Notably, all top 10 oil giants increased their production between 2021–2022, and as a result, global output rose 4.2% year-on-year.
Major Oil Producing Regions in 2022
The Middle East accounts for one-third of global oil production and North America makes up almost another one-third of production. The Commonwealth of Independent States—an organization of post-Soviet Union countries—is another major regional producer of oil, with a 15% share of world production.
Region | 2022 Production (Thousand B/D) | YoY Change | Share of World Supply |
---|---|---|---|
Middle East | 30,743 | +9.2% | 32.8% |
North America | 25,290 | +5.3% | 27.0% |
CIS | 14,006 | +0.9% | 14.9% |
Africa | 7,043 | -3.5% | 7.5% |
Asia Pacific | 7,273 | -1.4% | 7.8% |
South & Central America | 6,361 | 7.2% | 6.8% |
Europe | 3,131 | -8.6% | 3.3% |
What’s starkly apparent in the data however is Europe’s declining share of oil production, now at 3% of the world’s supply. In the last 20 years the EU’s oil output has dropped by more than 50% due to a variety of factors, including stricter environmental regulations and a shift to natural gas.

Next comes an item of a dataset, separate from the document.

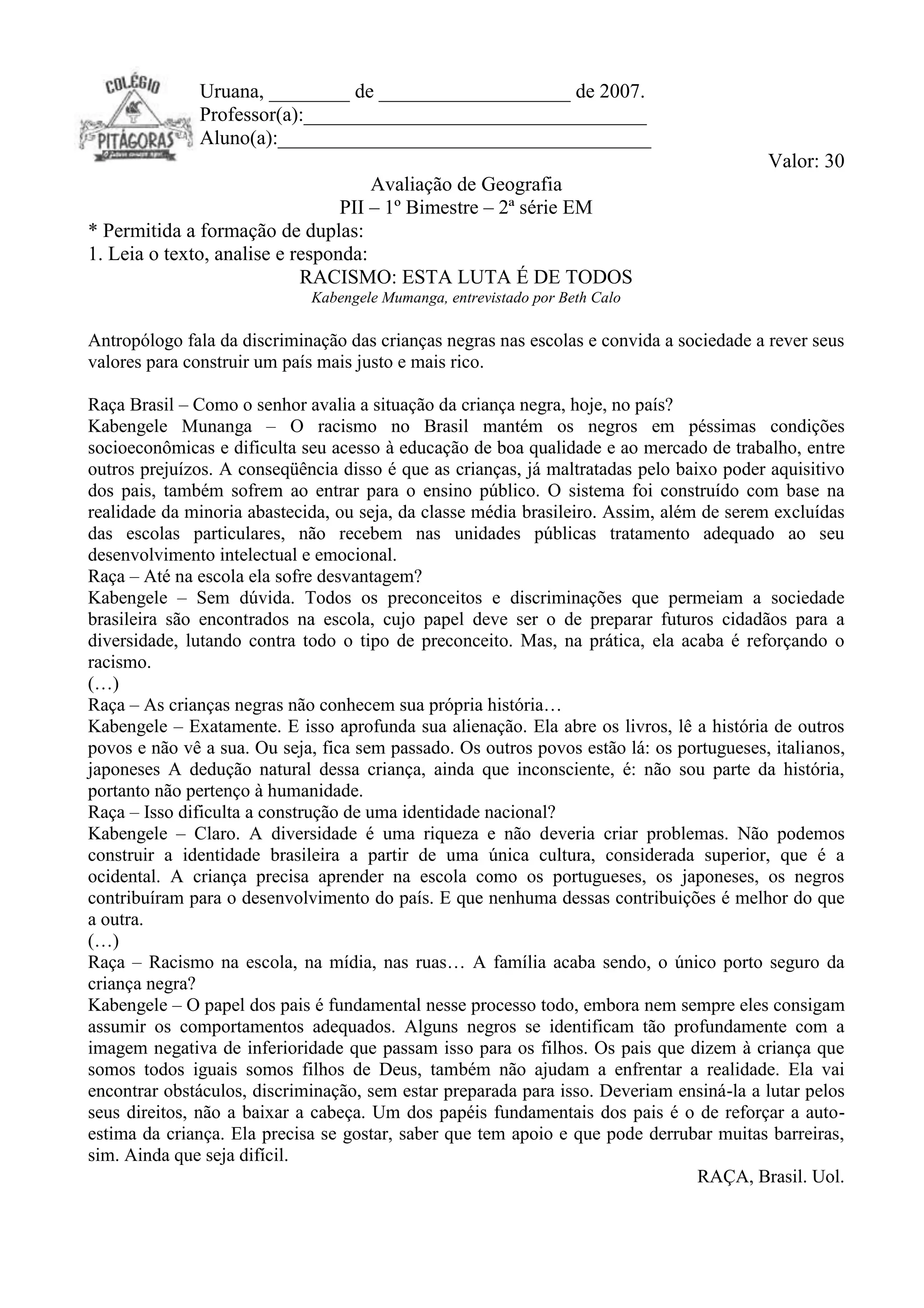 O documento discute o racismo na educação brasileira. Segundo o antropólogo Kabengele Munanga:

Another lens to look at regional production is through OPEC members, which control about 35% of the world’s oil output and about 70% of the world’s oil reserves.
When taking into account the group of 10 oil exporting countries OPEC has relationships with, known as OPEC+, the share of oil production increases to more than half of the world’s supply.
Oil’s Big Balancing Act
Since it’s the very lifeblood of the modern economy, the countries that control significant amounts of oil production also reap immense political and economic benefits. Entire regions have been catapulted into prosperity and wars have been fought over the control of the resource.
At the same time, the ongoing effort to pivot to renewable energy is pushing many major oil exporters to diversify their economies. A notable example is Saudi Arabia, whose sovereign wealth fund has invested in companies like Uber and WeWork.
However, the world still needs oil, as it supplies nearly one-third of global energy demand.